Shorten reassures the faithful Labor is back

Federal Labor has recaptured its voice to represent Australians' opposition to the Abbott government's ''cruel'' budget, Opposition Leader Bill Shorten has declared.

"Friends, the Labor Party nationally has its voice back,'' Mr Shorten told a Victorian Labor state conference at Moonee Valley racecourse on Sunday.

He used his speech not only to keep pressure on Prime Minister Tony Abbott's first budget, but also to stress the need for internal reforms. "We need to be a membership-based party first, not a faction-based party first,'' Mr Shorten said. "I also believe that we need to strongly maintain our relationship with the union movement.''

His push to increase the say local branch members have in preselection from 50 to 70 per cent was not debated at the conference after it was agreed to examine it over the next 10 months, ahead of the Victorian conference in March.

Mr Shorten said he wanted the party's membership to grow to 100,000 and urged it to make it easier for people to sign up.

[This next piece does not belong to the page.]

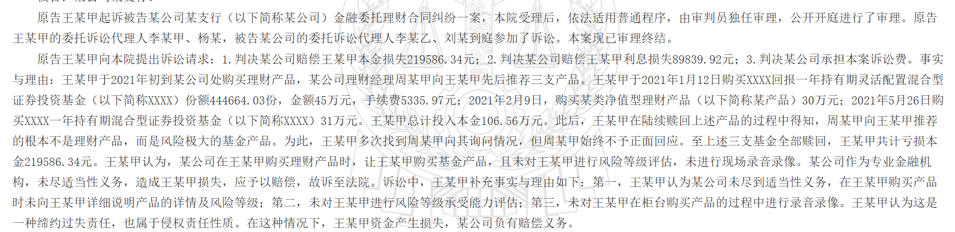 2023年金融市场波动加剧,涉案基金的潜在风险集中爆发,当年11月29日王女士分批赎回三只基金,扣除交易手续费后,实际本金亏损总额达21.96万元。细分来看,两只R4高风险基金分别亏损112886.1元、61610.1元,R3中风险基金亏损35607.2元,整体亏损幅度接近本金21%。对于依靠养老金生活、此前已被其他银行评定为风险承受能力受限的王女士而言,这笔亏损带来了沉重的经济与心理负担。

He warned the party was in danger ''from the apathy faction'' in the public that was becoming less engaged with politics.

"We cannot shirk the task of modernising … of rebuilding the party,'' he said.

He rejected assertions from Treasurer Joe Hockey that Labor was against medical research funding; the budget included a $20 billion health research fund.

"You don't heal the sick by taxing them,'' Mr Shorten said.

The speech was followed by ALP television advertisements on Sunday night, in which Mr Abbott was declared a liar.

The 30-second commercial repeated Mr Abbott's quotes from last year's election. Big red stamps declared he had lied on changes to the pension and tax.

''Abbott lied his way into office, and you'll pay with your pensions, your petrol and your GP payments,'' the voiceover declared.

The campaign was accompanied by an email from the Labor Party to supporters asking for $5 donations to help run the advertisement.

ALP secretary George Wright said the party did not have money to advertise outside an election.